Work instructions:
Each line below should be repeated exactly, but no picture should be carried over.

Information provided:
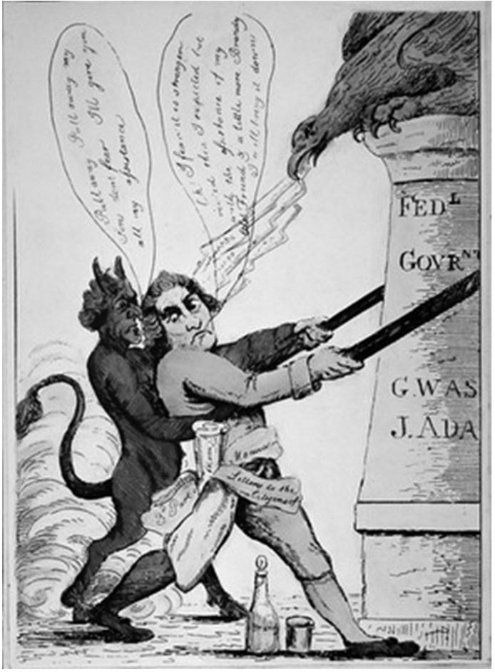 Карикатуристы напомнили в очень резкой форме в период избирательной кампании, что в свое время Джефферсон выступал против администраций Вашингтона и Адамса, написав известные Кентуккийские резолюции 1798 г., одобрявшие нуллификацию, т.е. отмену федеральных законов отдельными штатами. На карикатуре неизвестного автора Джефферсон вместе с дьяволом пытается опрокинуть колонну с надписью: «федеральное правительство».
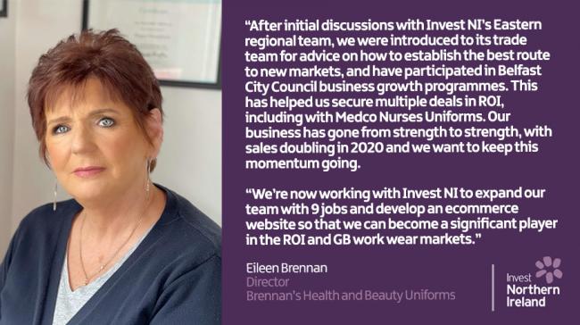 Brennan’s Health and Beauty Uniforms is also increasing its workforce to keep up with increased demand from the pandemic. Set up by experienced seamstress Eileen Brennan to provide a range of work wear for the healthcare sector, the company expanded into PPE and has achieved export market growth with our support.
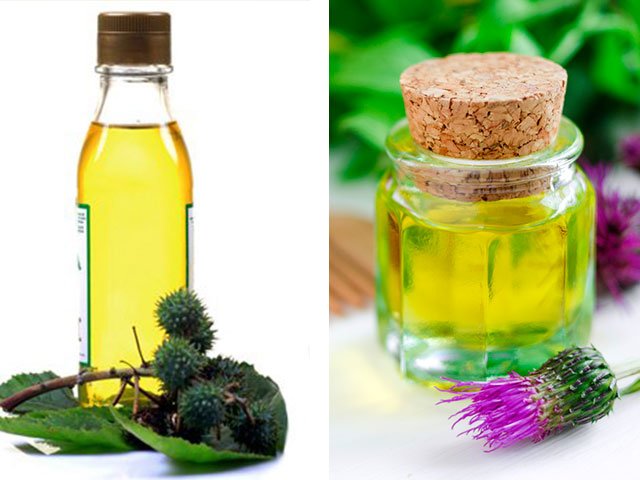 Huiles pour la chute des cheveux selon les experts: castor, bardane, lin.
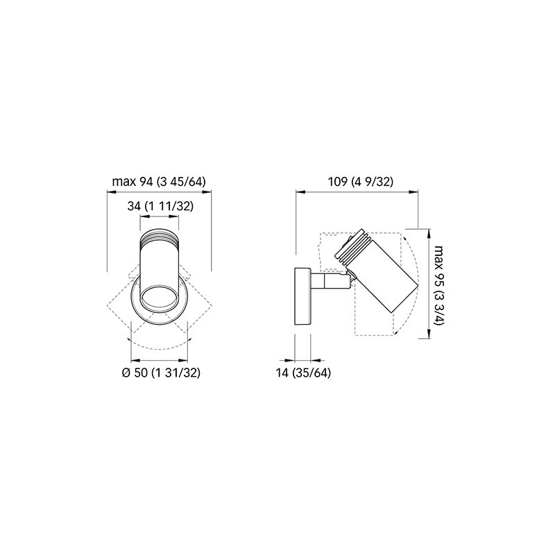 Faretto orientabile da interno fabbricato in alluminio con finitura cromata, dotato di interruttore. Luce bianca calda (140 lumen). Fissaggio a parete con viti. Sensibile alla polarità.

Reply:
 Карикатуристы напомнили в очень резкой форме в период избирательной кампании, что в свое время Джефферсон выступал против администраций Вашингтона и Адамса, написав известные Кентуккийские резолюции 1798 г., одобрявшие нуллификацию, т.е. отмену федеральных законов отдельными штатами. На карикатуре неизвестного автора Джефферсон вместе с дьяволом пытается опрокинуть колонну с надписью: «федеральное правительство».
 Brennan’s Health and Beauty Uniforms is also increasing its workforce to keep up with increased demand from the pandemic. Set up by experienced seamstress Eileen Brennan to provide a range of work wear for the healthcare sector, the company expanded into PPE and has achieved export market growth with our support.
 Huiles pour la chute des cheveux selon les experts: castor, bardane, lin.
 Faretto orientabile da interno fabbricato in alluminio con finitura cromata, dotato di interruttore. Luce bianca calda (140 lumen). Fissaggio a parete con viti. Sensibile alla polarità.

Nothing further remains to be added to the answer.